Segment Start: Data records

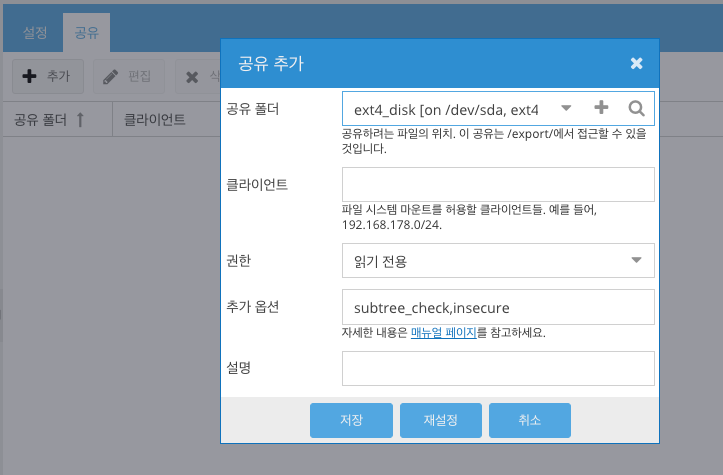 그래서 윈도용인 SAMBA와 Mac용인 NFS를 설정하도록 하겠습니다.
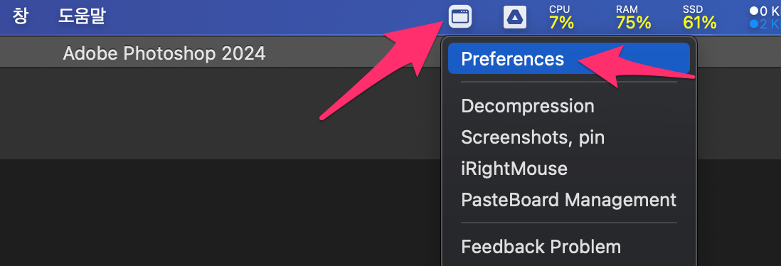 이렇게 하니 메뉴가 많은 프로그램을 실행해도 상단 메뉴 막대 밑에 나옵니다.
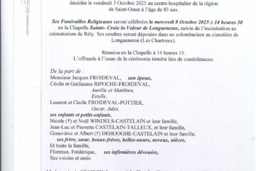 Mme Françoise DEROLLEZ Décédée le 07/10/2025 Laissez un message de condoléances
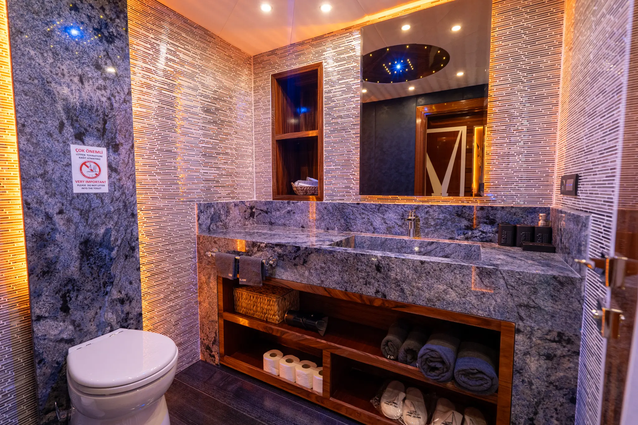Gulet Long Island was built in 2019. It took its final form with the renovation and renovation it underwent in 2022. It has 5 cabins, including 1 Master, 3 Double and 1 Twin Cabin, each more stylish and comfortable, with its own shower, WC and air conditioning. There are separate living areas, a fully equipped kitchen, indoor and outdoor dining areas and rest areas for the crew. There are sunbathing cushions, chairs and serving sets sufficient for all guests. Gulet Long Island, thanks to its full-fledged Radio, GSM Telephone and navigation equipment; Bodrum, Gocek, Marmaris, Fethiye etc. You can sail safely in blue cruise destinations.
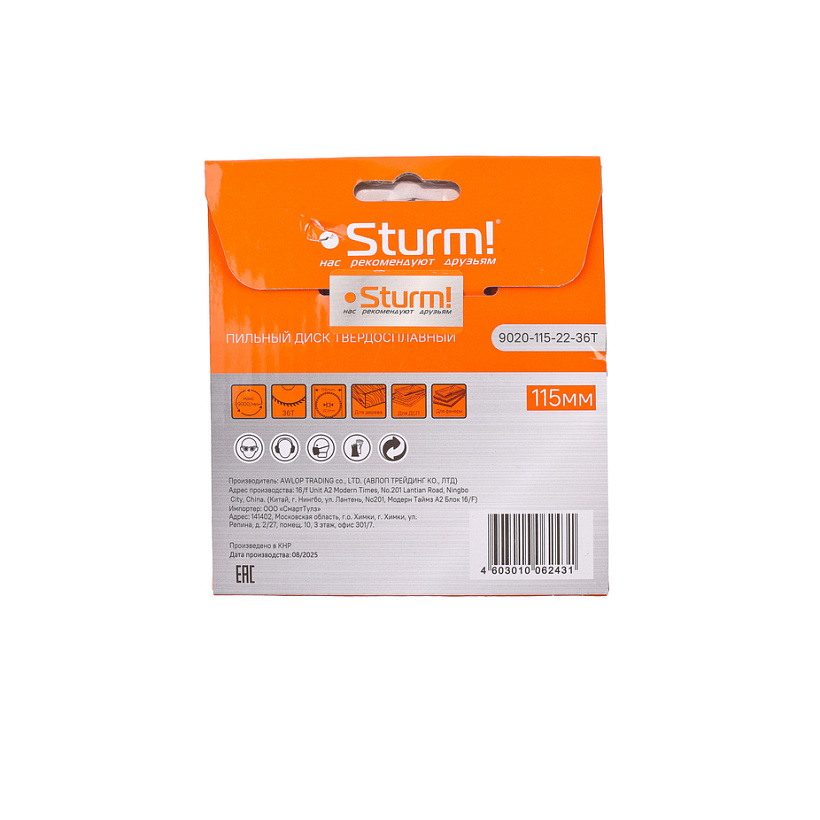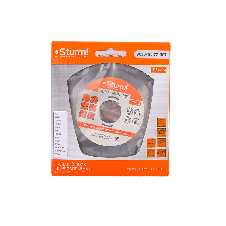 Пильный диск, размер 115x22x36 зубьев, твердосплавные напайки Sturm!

Segment End: Data records

What you should do. Go to the line above that has "이렇게 하니 메뉴가 많은 프로그램을 실행해도 상단 메뉴 막대 밑에 나옵니다." and copy exactly from there down to the line that has "Gulet Long Island was", both included. Leave the pictures out.

Task solution.
 이렇게 하니 메뉴가 많은 프로그램을 실행해도 상단 메뉴 막대 밑에 나옵니다.
 Mme Françoise DEROLLEZ Décédée le 07/10/2025 Laissez un message de condoléances
Gulet Long Island was built in 2019. It took its final form with the renovation and renovation it underwent in 2022. It has 5 cabins, including 1 Master, 3 Double and 1 Twin Cabin, each more stylish and comfortable, with its own shower, WC and air conditioning. There are separate living areas, a fully equipped kitchen, indoor and outdoor dining areas and rest areas for the crew. There are sunbathing cushions, chairs and serving sets sufficient for all guests. Gulet Long Island, thanks to its full-fledged Radio, GSM Telephone and navigation equipment; Bodrum, Gocek, Marmaris, Fethiye etc. You can sail safely in blue cruise destinations.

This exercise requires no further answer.